==== Input records ====

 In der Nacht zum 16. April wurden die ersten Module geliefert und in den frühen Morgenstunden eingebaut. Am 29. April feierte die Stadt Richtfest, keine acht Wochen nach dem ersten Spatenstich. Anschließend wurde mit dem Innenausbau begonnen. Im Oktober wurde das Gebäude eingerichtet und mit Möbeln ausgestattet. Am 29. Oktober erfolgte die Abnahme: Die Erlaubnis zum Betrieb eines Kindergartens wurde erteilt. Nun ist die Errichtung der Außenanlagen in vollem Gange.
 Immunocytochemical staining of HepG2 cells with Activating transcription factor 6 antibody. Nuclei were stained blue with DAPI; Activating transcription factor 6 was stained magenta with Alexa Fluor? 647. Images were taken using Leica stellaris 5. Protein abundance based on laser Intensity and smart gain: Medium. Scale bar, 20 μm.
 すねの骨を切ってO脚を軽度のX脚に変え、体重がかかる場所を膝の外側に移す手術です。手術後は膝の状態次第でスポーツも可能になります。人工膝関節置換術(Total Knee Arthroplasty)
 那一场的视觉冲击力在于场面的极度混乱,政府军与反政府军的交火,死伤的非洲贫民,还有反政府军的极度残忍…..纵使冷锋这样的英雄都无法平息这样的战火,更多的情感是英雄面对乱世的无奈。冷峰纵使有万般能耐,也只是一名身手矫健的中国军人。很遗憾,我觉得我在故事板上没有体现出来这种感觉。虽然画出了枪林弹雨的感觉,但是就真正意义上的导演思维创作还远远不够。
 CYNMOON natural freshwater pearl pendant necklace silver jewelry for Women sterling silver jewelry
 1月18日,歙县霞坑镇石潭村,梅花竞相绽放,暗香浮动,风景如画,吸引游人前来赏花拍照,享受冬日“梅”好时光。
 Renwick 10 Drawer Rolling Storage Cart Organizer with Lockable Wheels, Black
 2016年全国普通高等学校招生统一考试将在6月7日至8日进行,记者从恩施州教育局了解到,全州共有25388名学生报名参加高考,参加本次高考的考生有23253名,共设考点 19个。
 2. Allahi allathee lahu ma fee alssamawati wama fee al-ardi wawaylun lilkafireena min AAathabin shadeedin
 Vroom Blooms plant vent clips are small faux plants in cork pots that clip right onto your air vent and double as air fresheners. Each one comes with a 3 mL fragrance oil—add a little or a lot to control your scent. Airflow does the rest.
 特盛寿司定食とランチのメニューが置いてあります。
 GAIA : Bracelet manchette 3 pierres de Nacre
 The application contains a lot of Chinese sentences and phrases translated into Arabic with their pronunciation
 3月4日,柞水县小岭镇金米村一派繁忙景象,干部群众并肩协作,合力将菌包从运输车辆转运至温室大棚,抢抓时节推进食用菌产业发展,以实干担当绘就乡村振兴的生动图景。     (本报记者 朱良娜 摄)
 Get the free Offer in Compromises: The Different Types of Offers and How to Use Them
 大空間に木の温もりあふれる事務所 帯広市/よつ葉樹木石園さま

====

● Try it
In the records above, copy exactly the lines from the one that contains "The application contains" through the last, and nothing else.

● Written answer
 The application contains a lot of Chinese sentences and phrases translated into Arabic with their pronunciation
 3月4日,柞水县小岭镇金米村一派繁忙景象,干部群众并肩协作,合力将菌包从运输车辆转运至温室大棚,抢抓时节推进食用菌产业发展,以实干担当绘就乡村振兴的生动图景。     (本报记者 朱良娜 摄)
 Get the free Offer in Compromises: The Different Types of Offers and How to Use Them
 大空間に木の温もりあふれる事務所 帯広市/よつ葉樹木石園さま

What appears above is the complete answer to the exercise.